Support and software update available until 2025-03-25.

The log shows an issue with the cell_id. Let's verify the cell_id in BBU.ENB.CELL. The input error stems from the fact that the panel expects the cell_id to begin with "0x". After correcting the cell_id, check the enb-output.log again, and you should see the eNB starting properly.

 

 

 

Example: enb doesn't start

RU*_sdr_busy
Promise source codecheck_sdr_busy.py
Common causes: ENB doesn't properly use the CPRI card.
Solution: Refer to the related enb-output.log (see "Access ORS log" section) in the private log to debug the causes. Possible issues include uninitialized trx_sdr kernel, CPRI card in use by another process, incorrect SPF port, or missing license to launch LTEENB. Contact Rapid.Space for assistance if needed.

As indicated in the ticket, the error is "sdr_busy". We need to identify the cause.

Check the enb-output.log:

[2024/09/25 15:57:01.694437726 ] Starting eNB software...

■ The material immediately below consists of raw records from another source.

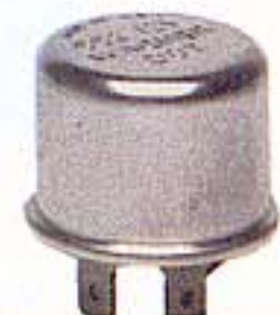
Heavy duty flasher, 12-volt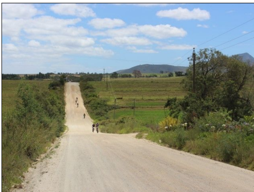
Garden Route country roads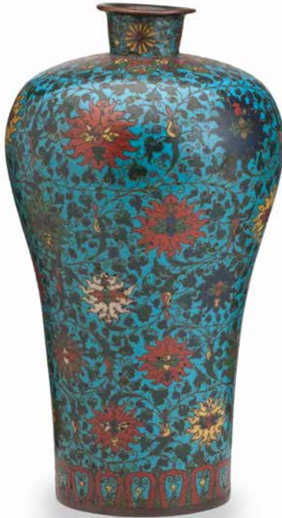
215 (part lot)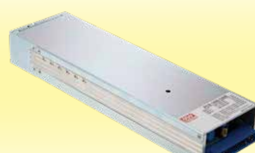
RCB Series Enclosed Type - Programmable Voltage/Current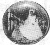
"The Bride & Her Helpers"

Montgomery'S of Georgetown Introduces... a new expanded selection of collector plates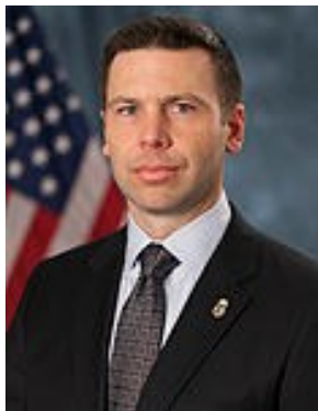
Acting Commissioner Kevin McAleenan, CBP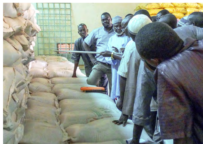
Partial view of the Niamey trainees doing sampling exercises in an OPVN warehouse in Niger

In addition, pending the launch of new calls for tenders by ECOWAS and in order to meet the information and training needs of POs on tender documents, the consortium is currently focusing its efforts on the strengthening of POs capacities. To this end, a first series of trainings is scheduled in several French and English-speaking countries of the region on various themes identified from the self-evaluation of POs. A training was conducted in Kaduna, Nigeria, last August, which helped build the capacity of two Nigerian federations of producers' organizations (Jussaf and Rice and Wheat Farmers' Association) on the conduct of cereals quality analysis. The same support was given to three federations of POs (Mooriben, SAA and Fucap) in Niger and a training on accounting, administrative and financial management provided to two Burkinabe POs (UPPRS and Fepab) in September. Discussions are in progress to define the type of support to be provided to Mali (AOPP), to Guinea (Cnop) and Senegal (Asprodeb).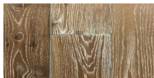
Aska Trail Hickory (BRB-ASKA5)

ENVIRONMENTALLY FRIENDLY: Our production process and species selections all focus on sustainability. We only use non-endangered woods and are producing 4 to 5 times more flooring out of the same lumber normally used to produce one piece of ¾" solid hardwood flooring. Furthermore, our flooring products comply with CARB Phase 2 and have been certified under FloorScore® and GREENGUARD Gold standards.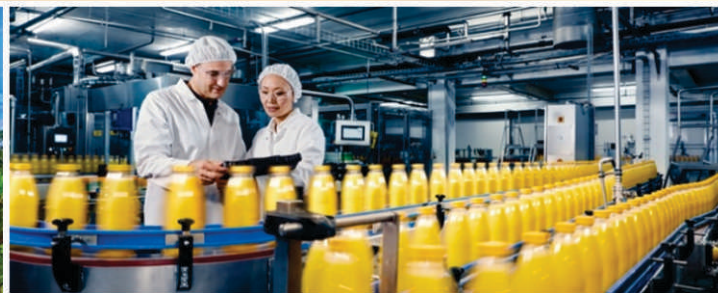
Food and Beverage Industry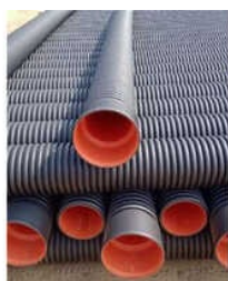
100 MM SN4 DWC Pipe

[2024-09-25 15:57:07.496] gtp: bind: Cannot assign requested address
Could not open GTP-U socket
Base Station version 2024-03-15, Copyright (C) 2012-2024 Amarisoft
This software is licensed to rapid.space.
Support and software update available until 2025-03-25.

RF0: sample_rate=30.720 MHz dl_freq=1865.200 MHz ul_freq=1770.200 MHz (band 3) dl_ant=4 ul_ant=4
RF1: sample_rate=30.720 MHz dl_freq=1865.200 MHz ul_freq=1770.200 MHz (band 3) dl_ant=4 ul_ant=4
RF2: sample_rate=30.720 MHz dl_freq=1865.200 MHz ul_freq=1770.200 MHz (band 3) dl_ant=4 ul_ant=4

The log shows an issue with the gtp_address. Let's verify the gtp_address in BBU.ENB instance tree. gtp_address is supposed to be a connected address of BBU. After correcting the gtp_address, check the enb-output.log again, and you should see the eNB starting properly.

 

 

 

Example: RU not connected

RU*_cpri_lock

Promise source codecheck_cpri_lock.py

Common causes: Hardware issues (e.g., disconnected hardware, unplugged cables, RU powered off); software issues (e.g., failed frame synchronization).

Solution: If "HW Lock is missing", check the physical connection between the RU and BBU. If "SW Lock is missing", which rarely happens, it indicates frame loss. Contact Rapid.Space for assistance.

This is a common failure when the RU is not properly connected. Verify the physical connection of the RU to ensure it turns green.